Fondamentale, dunque, il ruolo dei terzini; per fortuna, però, la squadra milanese in quel settore non aveva il minimo problema: “Maicon è stato davvero fenomenale nel fare quel lavoro in quella partita e impegnare Maxwell, uno che è fortissimo in possesso palla ma non altrettanto quando è chiamato a difendere. Dall’altra parte c’era Dani Alves, uno che andava sempre in profondità per attaccare lo spazio eventuale lasciato dal nostro esterno, preoccupato di raddoppiare più centralmente su Messi. Il nostro scopo era di mettere in difficoltà anche centralmente Puyol e Piqué che, di conseguenza, erano molto esposti. Loro nel campionato spagnolo non erano abituati a dover recuperare negli spazi in fase difensiva, e noi siamo stati molto veloci a colpirli proprio lì.”
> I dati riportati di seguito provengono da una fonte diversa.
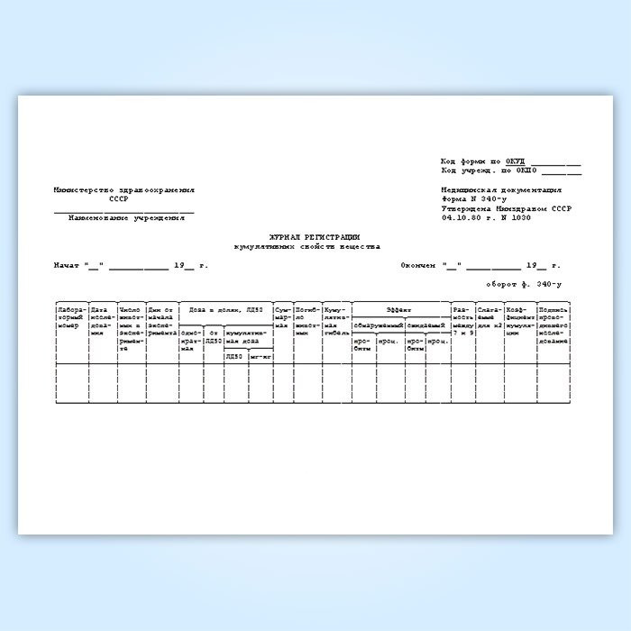 Журнал регистрации кумулятивных свойств вещества (форма № 340-у) в Улан-Удэ купить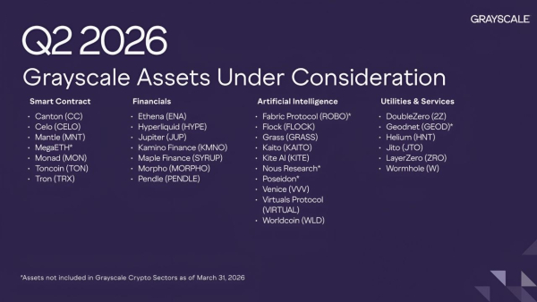 Der führende Krypto-Investor Grayscale Investments hat eine aktualisierte Liste digitaler Vermögenswerte veröffentlicht, die er für zukünftige Anlageprodukte im zweiten Quartal 2026 in Betracht zieht.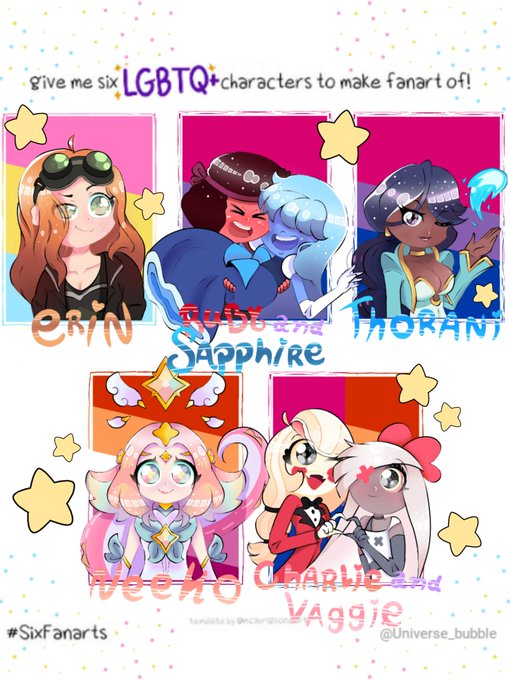 Six fanarts ❤+🔁=💖 #desconjuraçao #StevenUniverse #lol #HazbinHotel #SixFanarts #SixFanartsChallenge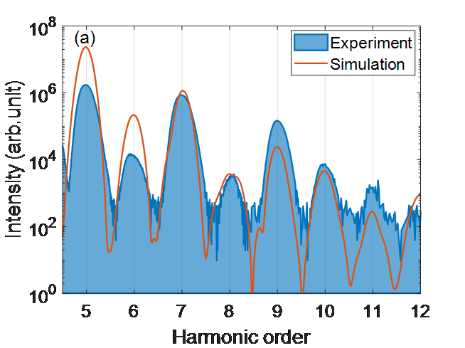 图1. 模拟的高次谐波光谱再现了实验观测。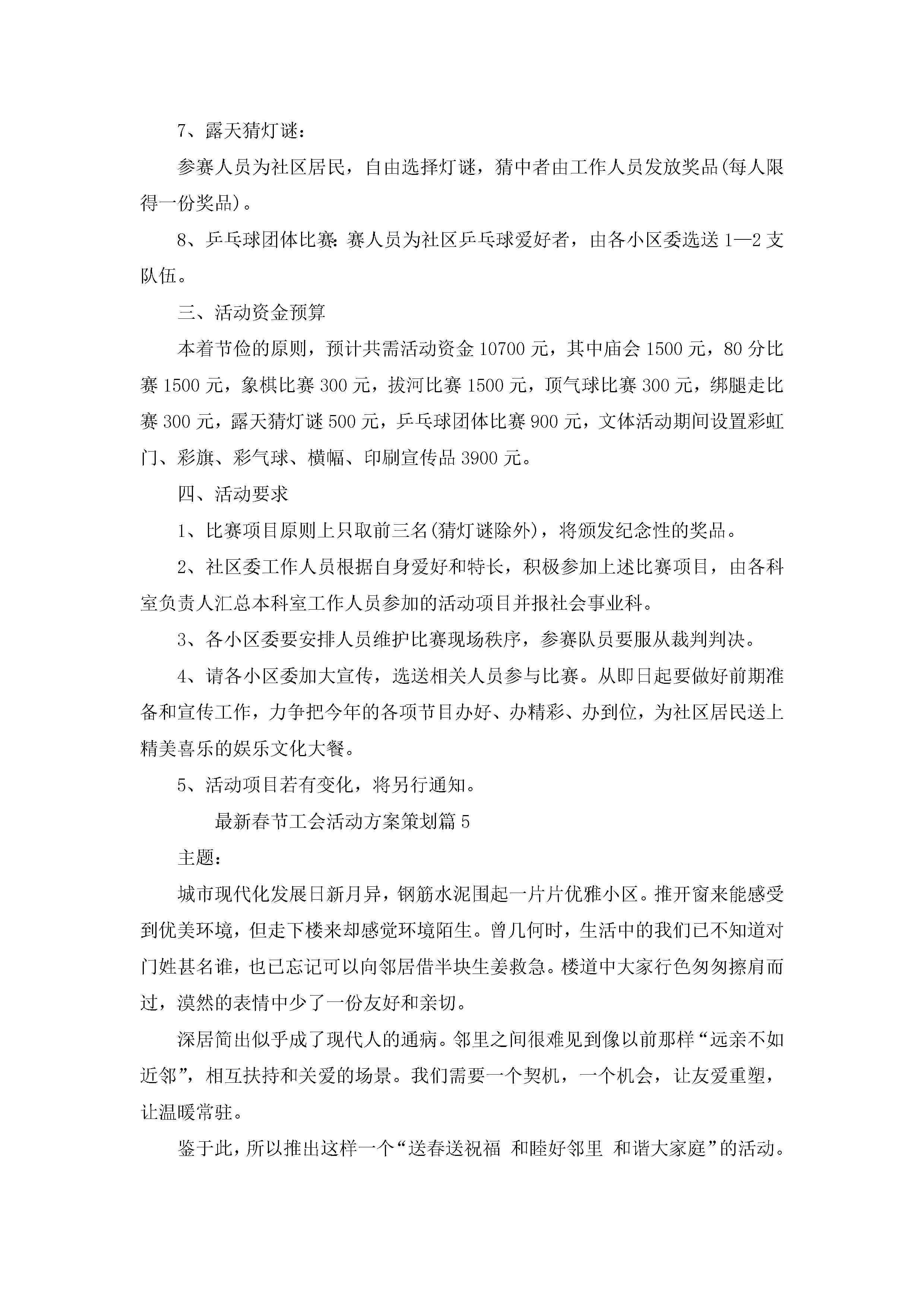 最新春节工会活动方案策划模板5篇jugei3月23日 01:49发布关注226 最新春节工会活动方案策划模板5篇此内容为付费资源,请付费后查看¥10.9 单篇文档限时特惠¥15个人会员开通企业会员开通立即下载无需登陆!可直接快捷下载单个模板付费资源© 版权声明THE ENDWord模板# 实用文档# 策划书# 策划方案# 春节工会活动方案策划 如有问题,可点击最底部“联系我们”联系客服 分享QQ空间微博QQ好友海报分享复制链接收藏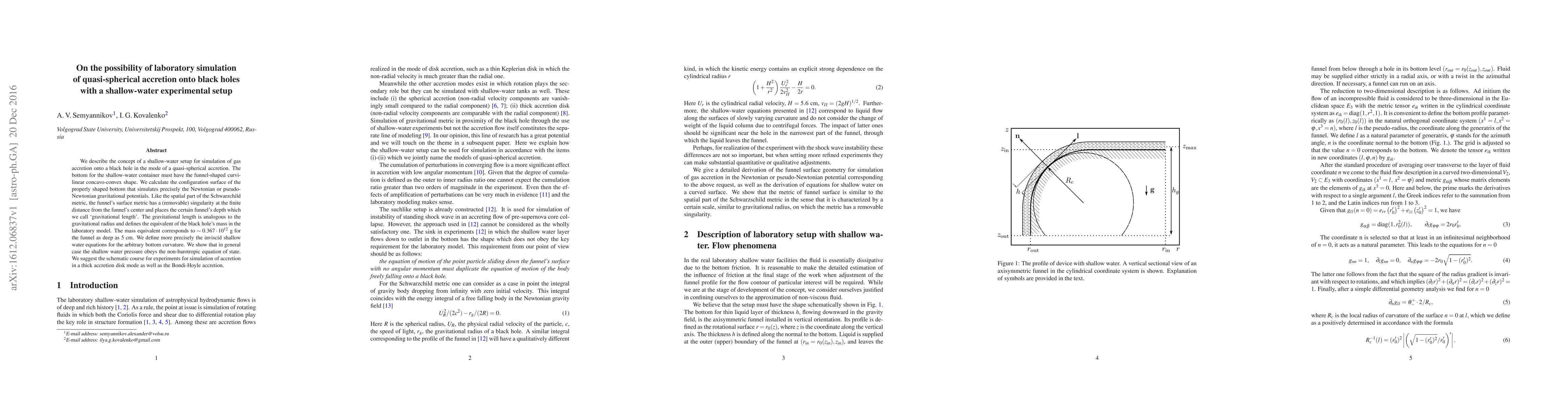 We describe the concept of a shallow-water setup for simulation of gas accretion onto a black hole in the mode of a quasi-spherical accretion. The bottom for the shallow-water container must have the funnel-shaped curvilinear concavo-convex shape. We calculate the configuration surface of the properly shaped bottom that simulates precisely the Newtonian or pseudo-Newtonian gravitational potentials. Like the spatial part of the Schwarzchild metric, the funnel's surface metric has a (removable) singularity at the finite distance from the funnel's center and places the certain funnel's depth which we call `gravitational length'. The gravitational length is analogous to the gravitational radius and defines the equivalent of the black hole's mass in the laboratory model. The mass equivalent corresponds to $\sim 0.367\cdot 10^{12}$ g for the funnel as deep as 5 cm. We define more precisely the inviscid shallow water equations for the arbitrary bottom curvature. We show that in general case the shallow water pressure obeys the non-barotropic equation of state. We suggest the schematic course for experiments for simulation of accretion in a thick accretion disk mode as well as the Bondi-Hoyle accretion.

Insomma, una fase difensiva impeccabile per ripartire al meglio una volta recuperata palla: “E’ stato fondamentale difendere come un unico blocco, per poi attaccare con 4-5 uomini. Sembra assurdo dire questa cosa quando abbiamo avuto il 30% di possesso palla contro il 70% dei nostri avversari, ma dopo il 3-1 eravamo in totale controllo della partita. Addirittura, siamo andati molte volte vicini al quarto gol. Loro erano molto ben allenati nel ricercare subito di riconquistare palla una volta persa, ma noi abbiamo avuto la giusta mentalità per contrattaccare in maniera veloce.”